Records contained in a dataset:
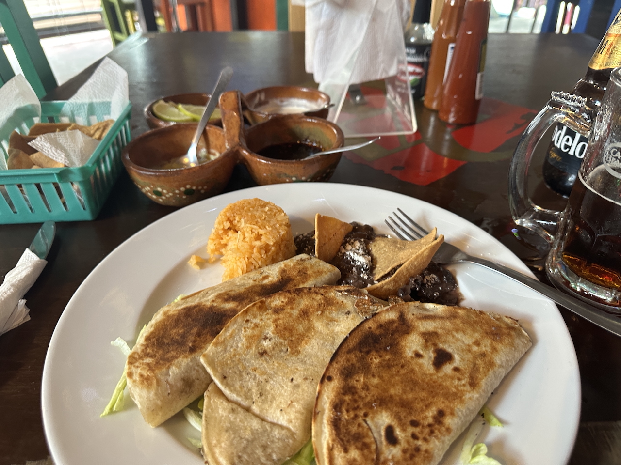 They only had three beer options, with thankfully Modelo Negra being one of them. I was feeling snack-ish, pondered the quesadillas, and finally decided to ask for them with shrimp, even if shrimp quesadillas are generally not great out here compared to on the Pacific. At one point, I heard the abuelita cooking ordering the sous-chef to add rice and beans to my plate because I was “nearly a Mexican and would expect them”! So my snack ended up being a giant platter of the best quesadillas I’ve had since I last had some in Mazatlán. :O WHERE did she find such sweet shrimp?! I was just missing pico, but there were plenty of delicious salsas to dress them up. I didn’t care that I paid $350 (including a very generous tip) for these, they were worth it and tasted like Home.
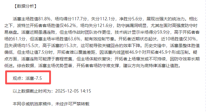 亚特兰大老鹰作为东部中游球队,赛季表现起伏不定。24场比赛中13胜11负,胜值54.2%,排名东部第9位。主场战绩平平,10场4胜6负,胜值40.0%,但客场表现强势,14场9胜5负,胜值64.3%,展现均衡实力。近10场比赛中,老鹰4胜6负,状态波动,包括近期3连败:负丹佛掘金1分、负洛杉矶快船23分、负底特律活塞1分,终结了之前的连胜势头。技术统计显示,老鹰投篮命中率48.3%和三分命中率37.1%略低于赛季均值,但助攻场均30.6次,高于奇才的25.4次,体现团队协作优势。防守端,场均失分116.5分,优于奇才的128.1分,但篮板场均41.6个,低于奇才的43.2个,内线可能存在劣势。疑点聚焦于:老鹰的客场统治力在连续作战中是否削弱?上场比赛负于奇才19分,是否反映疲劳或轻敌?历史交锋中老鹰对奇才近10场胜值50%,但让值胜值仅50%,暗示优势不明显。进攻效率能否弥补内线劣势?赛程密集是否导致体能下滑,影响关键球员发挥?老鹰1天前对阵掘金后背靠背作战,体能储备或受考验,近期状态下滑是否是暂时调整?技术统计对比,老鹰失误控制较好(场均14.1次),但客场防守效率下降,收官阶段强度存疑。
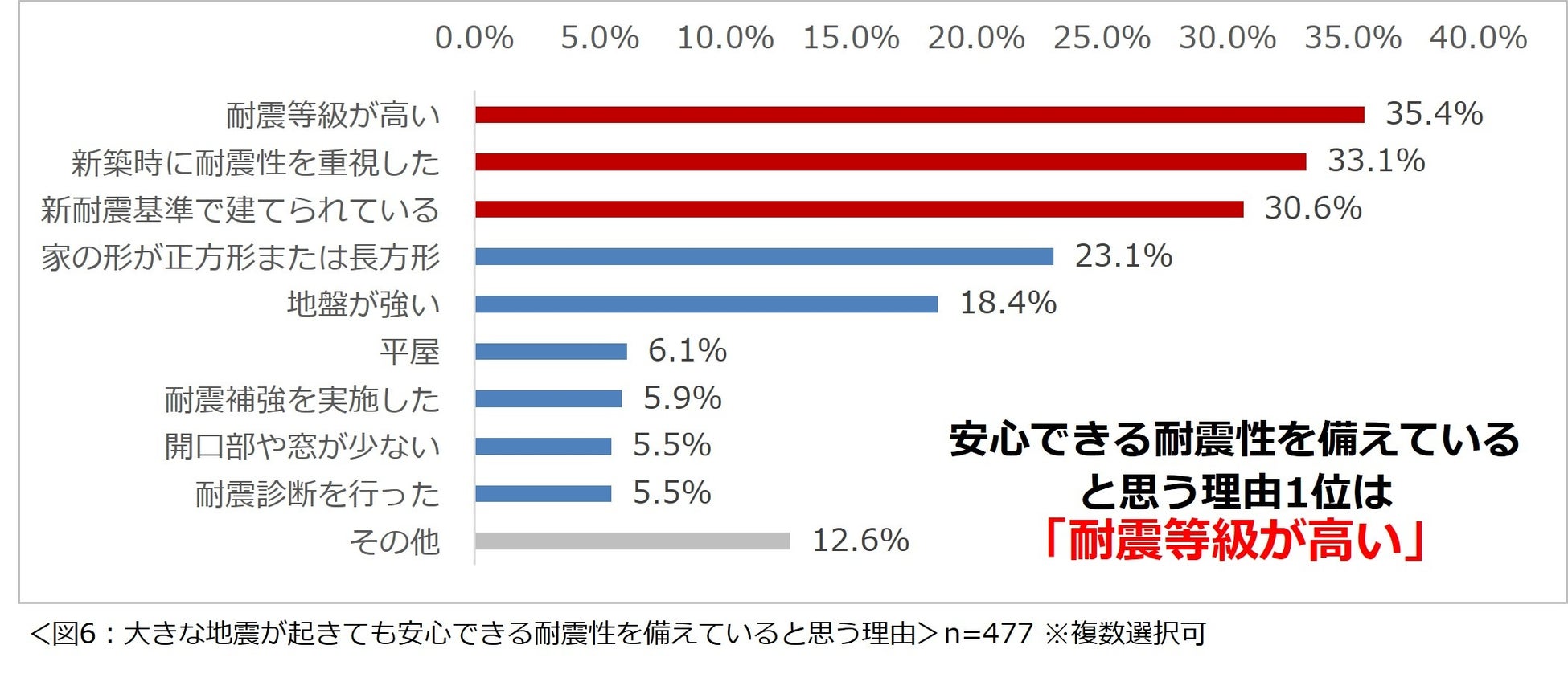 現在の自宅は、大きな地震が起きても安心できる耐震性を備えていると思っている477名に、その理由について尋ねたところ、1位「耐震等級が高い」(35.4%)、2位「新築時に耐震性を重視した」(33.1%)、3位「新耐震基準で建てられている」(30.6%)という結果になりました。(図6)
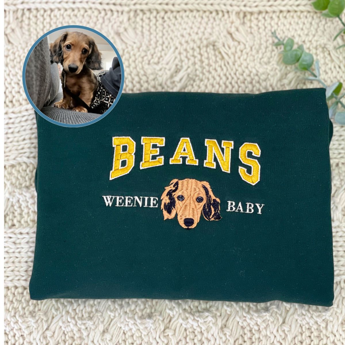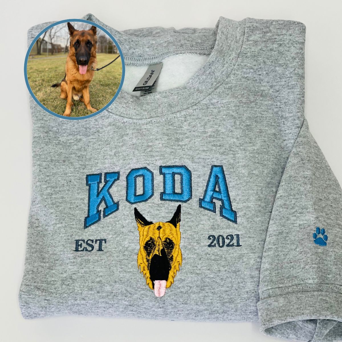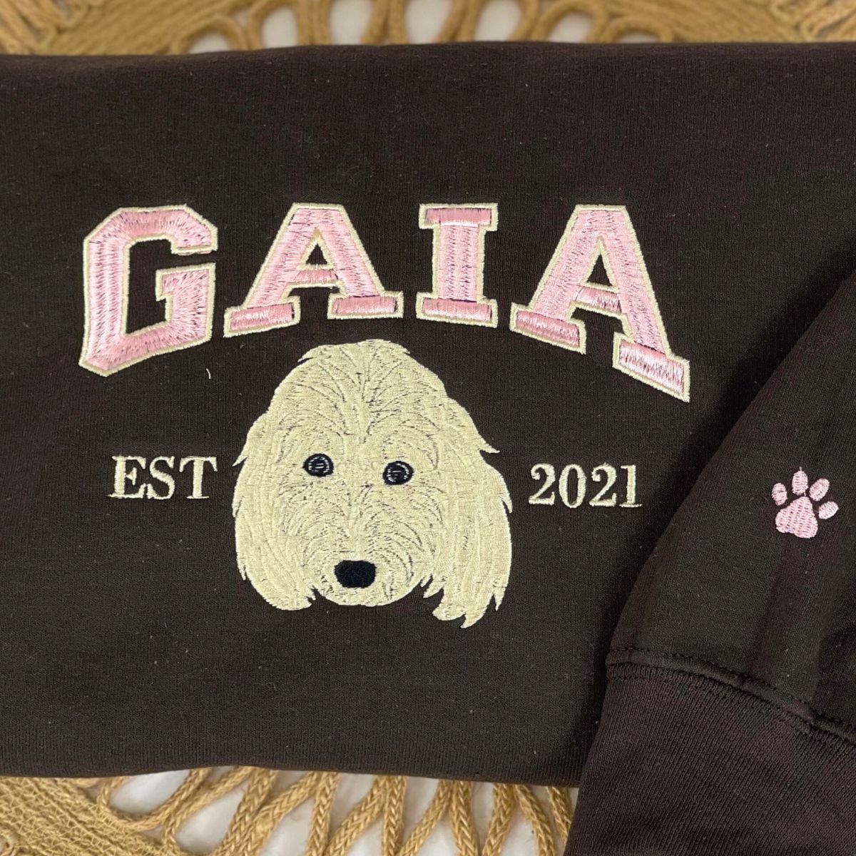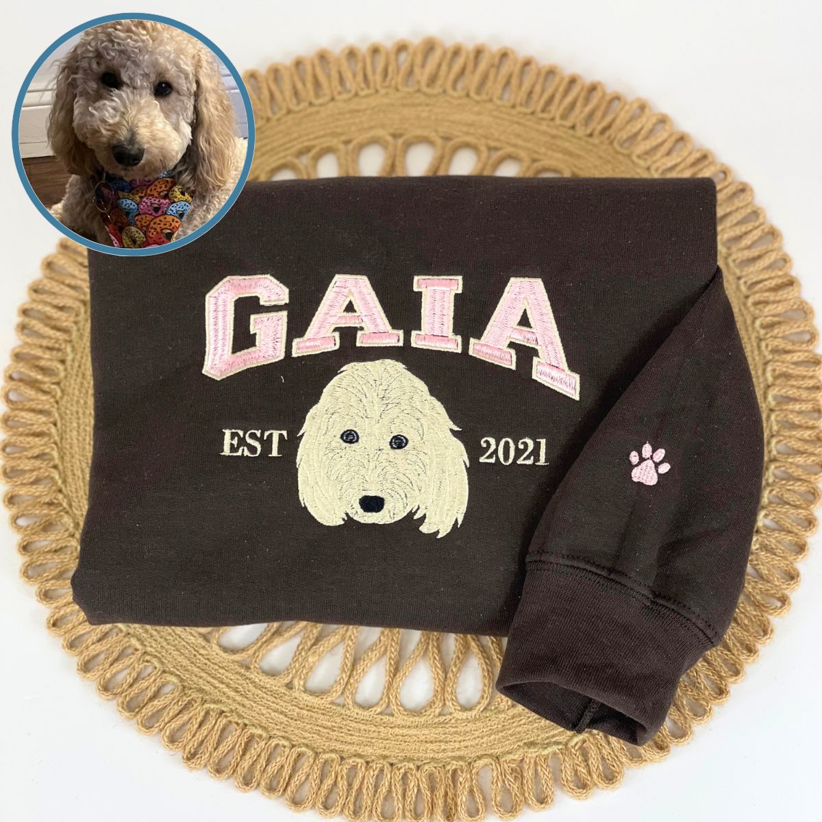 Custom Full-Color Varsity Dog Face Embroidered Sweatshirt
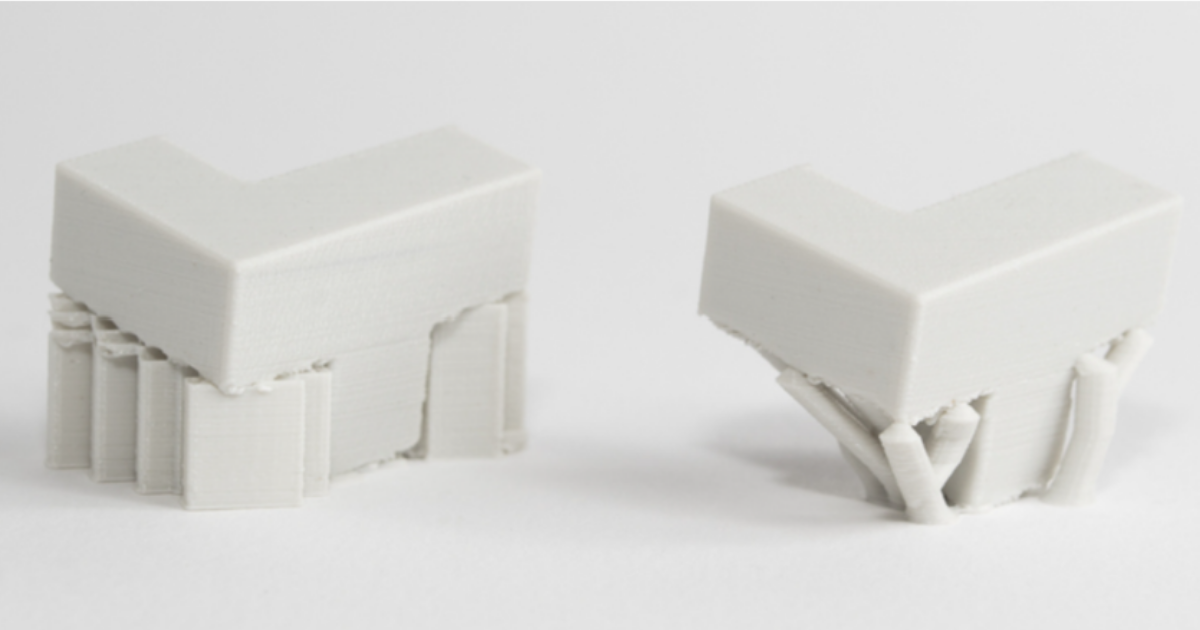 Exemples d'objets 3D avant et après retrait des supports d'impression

INSTRUCTIONS TO FOLLOW: Each line from the one containing "現在の自宅は、大きな地震が起" through the final line of the data must be reproduced exactly, both ends included, with no pictures in the copy.

RESPONSE FOR THIS EXERCISE:
 現在の自宅は、大きな地震が起きても安心できる耐震性を備えていると思っている477名に、その理由について尋ねたところ、1位「耐震等級が高い」(35.4%)、2位「新築時に耐震性を重視した」(33.1%)、3位「新耐震基準で建てられている」(30.6%)という結果になりました。(図6)
 Custom Full-Color Varsity Dog Face Embroidered Sweatshirt
 Exemples d'objets 3D avant et après retrait des supports d'impression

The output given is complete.